The hard part is rarely making the box. It’s the timing.
A single automotive component plant can carry dozens of part numbers, each needing its own packaging — cartons in different flutes and sizes, polybags in different gauges — with monthly volumes that rise and fall with the OEM’s orders. Order it all at once and your warehouse fills up with cash tied to packaging stock. Order little and often and you pay changeover costs repeatedly, and risk running out mid-run.

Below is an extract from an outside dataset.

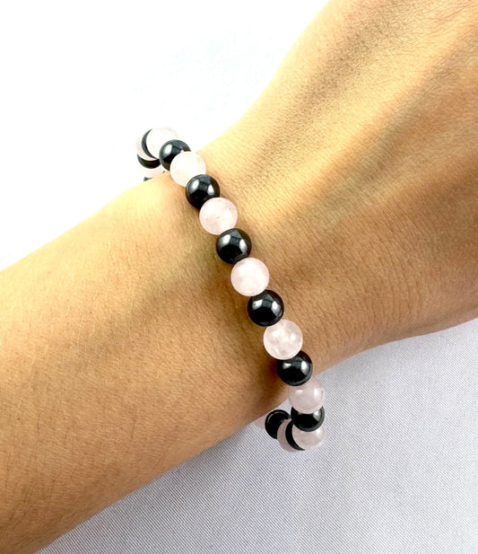 Náramok z minerálov Ruženínu a Hematitu 8 mm ružovo-sivý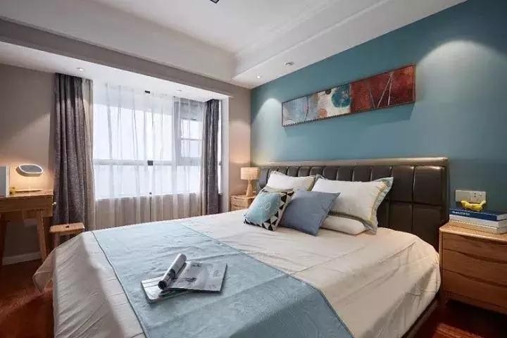 蓝色背景墙抛弃了小清新调,更显成稳低调,深灰色软靠搭配白色床品,轻奢格调满满,让人不由得想象出一幅画:精致慵懒的贵族公子坐在床上,翻看着手中的书籍或者嘴里叼一根烟,吞云吐雾,制造丝丝“仙气”。两边的床头柜是浅木色,斑驳的纹理,更显原始味,也让整个主卧更加舒适,充满暖意。

Vendor Managed Inventory (VMI) moves that burden to the supplier. We produce ahead, we hold the buffer stock in our warehouse, and you call it off against your production schedule. You pay when you pull stock, not when we make it.
Why it fits automotive
Assembly lines have no tolerance for late packaging. If the part is ready but the box isn’t, parts pile up — or worse, the line stops. At JMP we run corrugated cartons and PE/PP polybags under one roof, so a single call-off can ship both, on one schedule, to one QC standard. Our MOQ starts at 500 pcs, so a new part or a low-volume run doesn’t have to wait for scale.
When VMI does NOT make sense
VMI isn’t free. There’s a warehousing cost and inventory risk that we carry, and that goes into the price. So if you order one box type, once a year, at stable volume — a straight purchase is cheaper, and I’ll tell you so. VMI wins precisely when the SKU count is high and demand is hard to predict. If your line has never nearly stopped over packaging, you probably don’t need this yet.